> WHAT THIS TASK INVOLVES:
Exactly the lines below from the line with "Plaza de Armas" through the line with "värdering kulturhistoriskt (K)" must make up the answer, both ends included and pictures left out.
####################
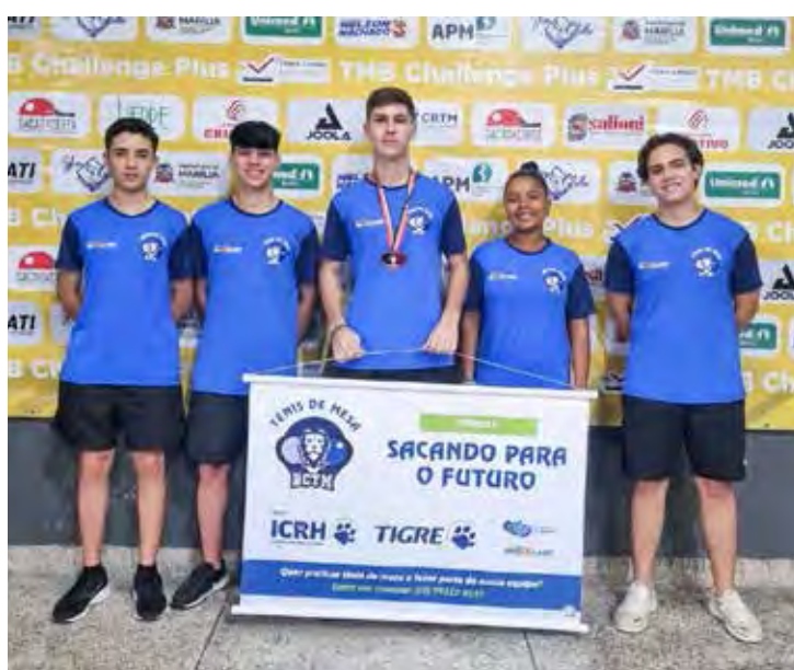
Projeto Sacando para o Futuro de Tênis de Mesa, obtém bons resultados
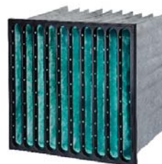
4. City-Flo XL
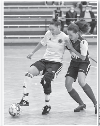
Nem bírt egymással a Tolna-Mözs és a TFSE a tolnai meccsen
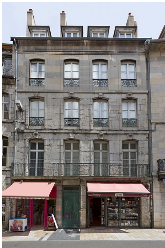
Logis principal : vue d'ensemble de la façade sur rue, de face.

25, Besançon Grande Rue 79, lieudit : îlot Saint-Pierre
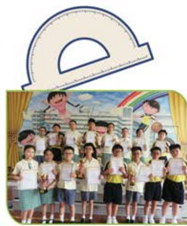
▲ 本校學生在「全港小學數學挑戰賽」取得「最積極參與獎」及四個團體獎的佳績！
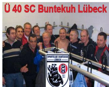
Ü-40 Kleinfeld Saison 2008/09
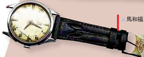
▲馬和福用過的手錶。
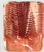
In Scheiben geschnitten
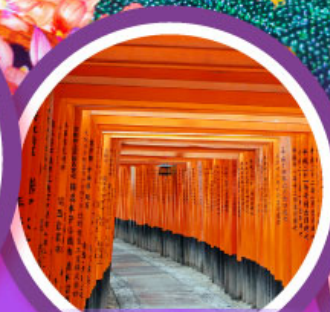
ศาลเจ้าฟูชิมิอินาริ
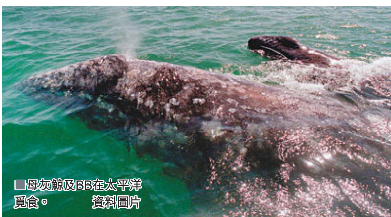
母灰鯨及BB在太平洋覓食。
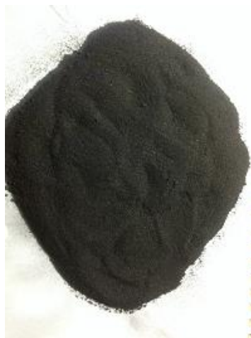
Gambar 26. Karbon Aktif Kulit Durian
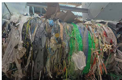
Stop aux erreurs de tri - P. 4/5
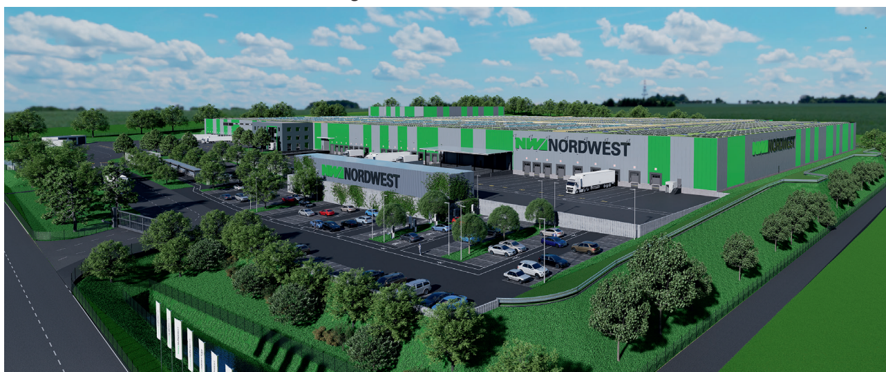
Voici à quoi ressemblera le nouveau centre logistique de NORDWEST à Alsfeld.

NORDWEST exploite l' activité de stockage en son nom propre et pour son propre compte. Pour l'heure, les marchandises commandées par le partenaire commercial sont expédiées directement depuis l'entrepôt central de Giessen, mais elles le seront bientôt depuis notre nouveau centre logistique d'Alsfeld. L'entrepôt central NORDWEST distribue également ses propres importations et les marques exclusives TECWERK et delphis. Les commandes peuvent être passées 24 heures sur 24, la livraison a généralement lieu le lendemain.
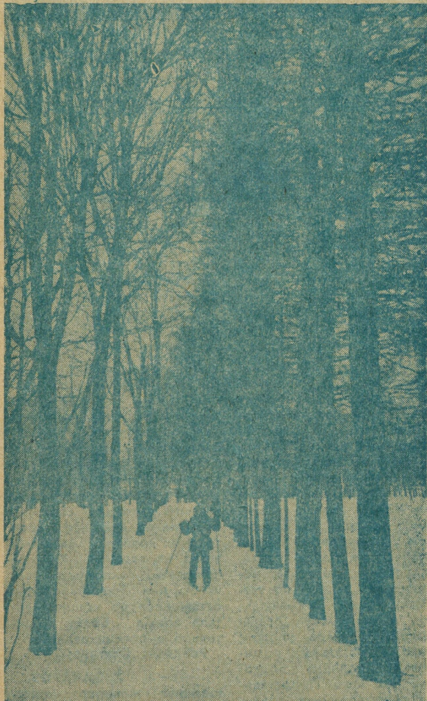
Первые шаги к рекордам.
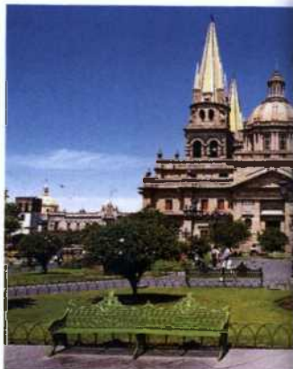
Plaza de Armas und Basilica in Guadalajara (siehe S. 192)
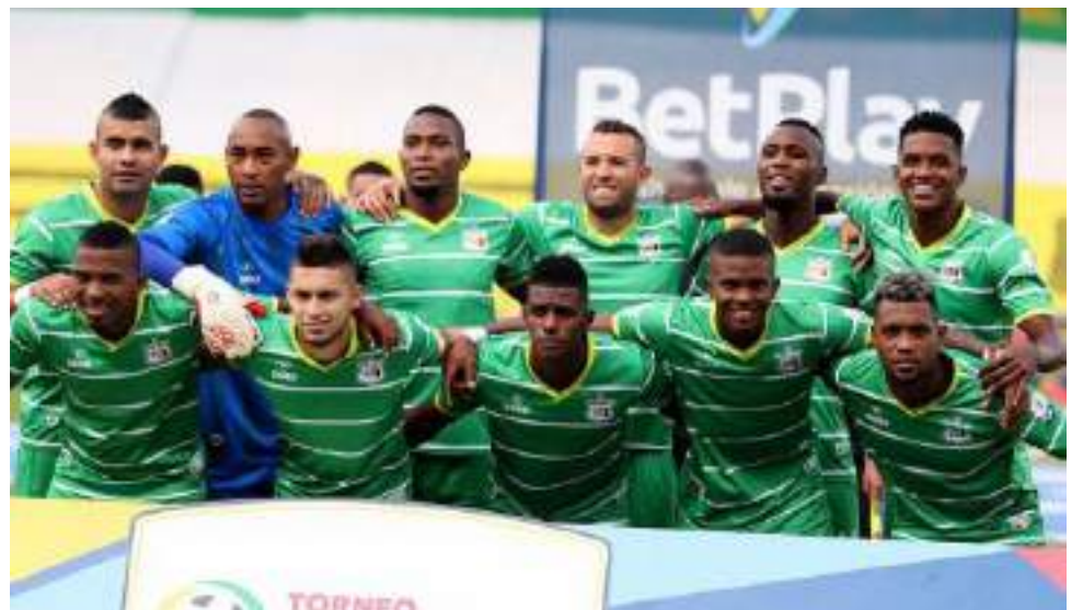
Quindío será el próximo rival del Huila en la fecha 14.

El huila se concentra a partir de esta semana en el juego del martes 27 de septiembre cuando visitará al Quindío en Armenia.
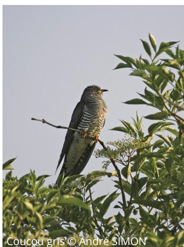
Coucou gris © André SIMON
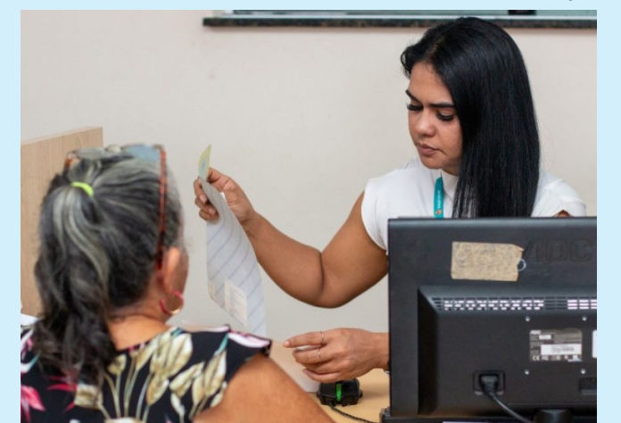
Famílias com renda de até R$ 3,2 mil poderão se inscrever no programa
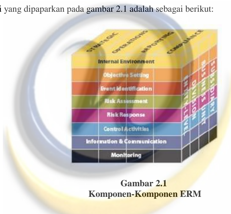
Gambar 2.1 Komponen-Komponen ERM

kategori tujuan (kolom vertical), komponen manajemen risiko (baris horizontal), dan struktur organisasi suatu entitas (sisi samping kubus). Matrik tiga dimensi ini menggambarkan kemampuan untuk memfokuskan manajemen risiko secara keseluruhan organisasi, atau berdasarkan kategori tujuan, komponen, dan struktur organisasi yang ada didalam suatu entitas. Berikut bentuk kubus atau matrik tiga dimensi yang dipaparkan pada gambar 2.1 adalah sebagai berikut:
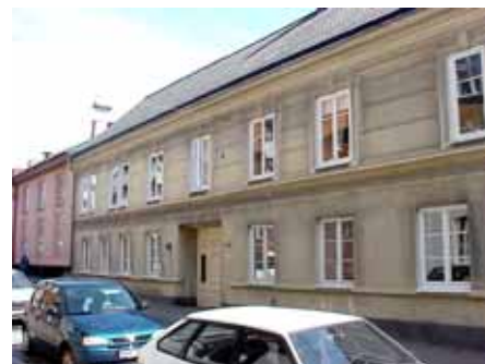
BRIGITTA 33 A från S

värdering kulturhistoriskt (K) K = 1, M = 2. Mycket genuint och välbevarat. Trapphuset är helt enligt originalritningen från 1892. miljömässigt (M):
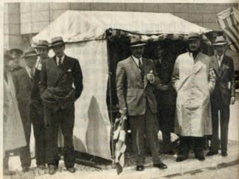
Directores do A. C. P. no controle da Praça do Império
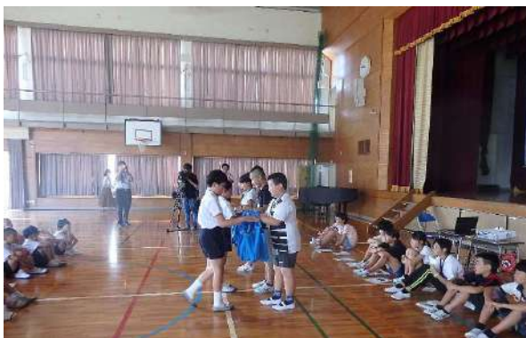
輪之内町からのプレゼント
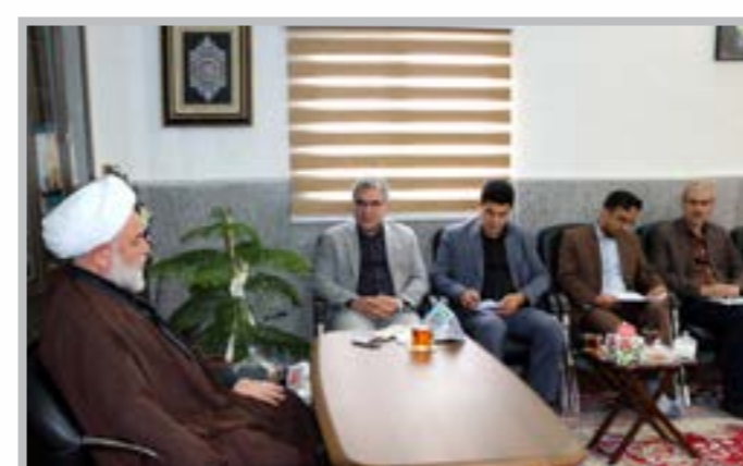
دیدار رییس، معاونان و مدیران دانشگاه کوثر با نماینده ولی فقیه استان به مناسبت هفته دولت
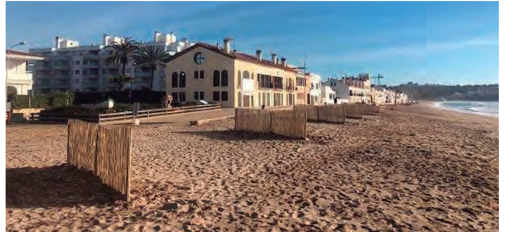
Trampes de captació sedimentària al final del passeig.

biental la Sínia i els alumnes del Programa de Transició al Treball d'auxiliar en vivers i jardins han començat de nou diverses accions vinculades a l'entorn natural d'Altafulla . Aquesta vegada el
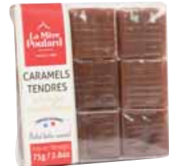
50250. Mini étui de caramels pâtisiers
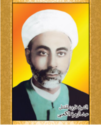
الشيخ الزهراء الكعبي
####################
> ANSWER BOX:
Plaza de Armas und Basilica in Guadalajara (siehe S. 192)
Quindío será el próximo rival del Huila en la fecha 14.

El huila se concentra a partir de esta semana en el juego del martes 27 de septiembre cuando visitará al Quindío en Armenia.
Coucou gris © André SIMON
Famílias com renda de até R$ 3,2 mil poderão se inscrever no programa
Gambar 2.1 Komponen-Komponen ERM

kategori tujuan (kolom vertical), komponen manajemen risiko (baris horizontal), dan struktur organisasi suatu entitas (sisi samping kubus). Matrik tiga dimensi ini menggambarkan kemampuan untuk memfokuskan manajemen risiko secara keseluruhan organisasi, atau berdasarkan kategori tujuan, komponen, dan struktur organisasi yang ada didalam suatu entitas. Berikut bentuk kubus atau matrik tiga dimensi yang dipaparkan pada gambar 2.1 adalah sebagai berikut:
BRIGITTA 33 A från S

värdering kulturhistoriskt (K) K = 1, M = 2. Mycket genuint och välbevarat. Trapphuset är helt enligt originalritningen från 1892. miljömässigt (M):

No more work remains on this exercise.